The relationship with his girlfriend also broke up around this time and because the market had moved they were able to sell down their portfolio. Storey kept only four houses.
A Career Focus
While Storey was still studying at university he had been working part-time at an accounting firm. Storey says the owner of the firm was convicted for fraud and following this “40 clients came to me and said: ‘Can you get us out of trouble with IRD?’ And that was the basis of my accounting practice.”
Storey & Associates became his primary focus, and for seven years he worked on stabilising his finances.
Over that time he built the practice up to 15 employees, but has since scaled down to five.
He re-entered the investment market in 2005, buying three properties in his favourite student spot in Palmerston North: only 10 minutes’ bike ride from the university and walkable to the CBD.
One of those houses unfortunately burnt down in August 2012, but the veteran investor had been through enough to know it was an opportunity rather than a curse.
In five-and-a-half months he was able to truck a new house onto site and at a total cost of $350,000 it now pulls in $700 rent per week.
Students For Clients
Storey certainly ruffles a few feathers when he speaks about his student client base.
”What I care about is the cashflow and I will do whatever it takes to keep my house full. So, then I need to find out what do the tenants actually want? What will they pay for? It’s a business decision and I treat it as a business.”

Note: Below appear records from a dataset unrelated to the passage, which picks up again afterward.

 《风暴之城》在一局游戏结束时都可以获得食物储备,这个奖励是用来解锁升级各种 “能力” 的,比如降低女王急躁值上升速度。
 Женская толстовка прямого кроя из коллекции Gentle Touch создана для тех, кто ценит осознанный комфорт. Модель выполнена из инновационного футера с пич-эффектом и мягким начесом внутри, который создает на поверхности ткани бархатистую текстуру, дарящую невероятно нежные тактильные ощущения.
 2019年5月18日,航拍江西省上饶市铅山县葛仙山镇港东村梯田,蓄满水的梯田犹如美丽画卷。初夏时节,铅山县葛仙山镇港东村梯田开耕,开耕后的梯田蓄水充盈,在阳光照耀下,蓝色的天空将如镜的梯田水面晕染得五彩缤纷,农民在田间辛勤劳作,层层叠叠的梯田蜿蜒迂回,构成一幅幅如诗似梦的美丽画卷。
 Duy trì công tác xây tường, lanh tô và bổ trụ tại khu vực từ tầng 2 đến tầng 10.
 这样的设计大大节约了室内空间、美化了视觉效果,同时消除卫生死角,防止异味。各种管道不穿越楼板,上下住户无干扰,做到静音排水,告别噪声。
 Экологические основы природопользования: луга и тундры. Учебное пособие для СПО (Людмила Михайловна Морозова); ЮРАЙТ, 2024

He’s discovered that along with proximity to the city centre and university his clients want large bedrooms with wardrobes, and a place that’s warm, dry, clean and quiet.

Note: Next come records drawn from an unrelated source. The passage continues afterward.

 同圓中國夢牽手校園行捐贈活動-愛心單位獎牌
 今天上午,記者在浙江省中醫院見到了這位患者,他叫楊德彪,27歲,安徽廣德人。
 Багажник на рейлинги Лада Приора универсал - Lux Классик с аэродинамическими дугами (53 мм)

He’s spent $15,000 in recent years upgrading his six student flats to the new required level, but doesn’t begrudge the way some of his tenants treat the houses.
“They’re 18-25 year olds. It’s the first time they’re out of home. “That’s the age group – this is not a house that you and I would live in – they’re teenagers. [At that age] you have your parties, you get up at 10am and you’re up until 2am rushing through your assignment … that’s just the way they live.”
As such, Storey has seen it all – from clothes drying in rooms causing mould, to indoor marijuana crops, to a tenant erecting a forty-foot flag pole, to 23 holes punched through a single wall behind a couch.
But Storey says the market in Palmerston North has been changing due to falling student numbers.
“They are getting pickier and they can get pickier.”
He believes this will continue for another three years, but it will reverse in three years’ time and cause a “housing crisis for students” due to the higher numbers now coming through.
Storey has four daughters, and currently his eldest is attending Massey and flatting in one of his houses, giving him amusing glimpses into student life – such as when his daughter’s slippers got stuck to the sticky bathroom floor.
On the work front he’s currently involved in creating an interest rate calculator using an algorithm that is based on population data.
Property investment-wise he and his family are consolidating, collecting rent and watching the market.
He believes Palmerston North is a seller’s market because there’s been 400 new jobs created in the city, which has created demand for 600 houses.
“House prices are in the process of doubling. They’re already up 60%, there’s another 40% to go.”
However, he has made one significant change to his investment business: he now uses property managers.
As a result of pushing himself beyond his limits in the past he no longer deals with all those late night plumbing issues, or police call-outs to parties – or Tenancy Tribunal hearings.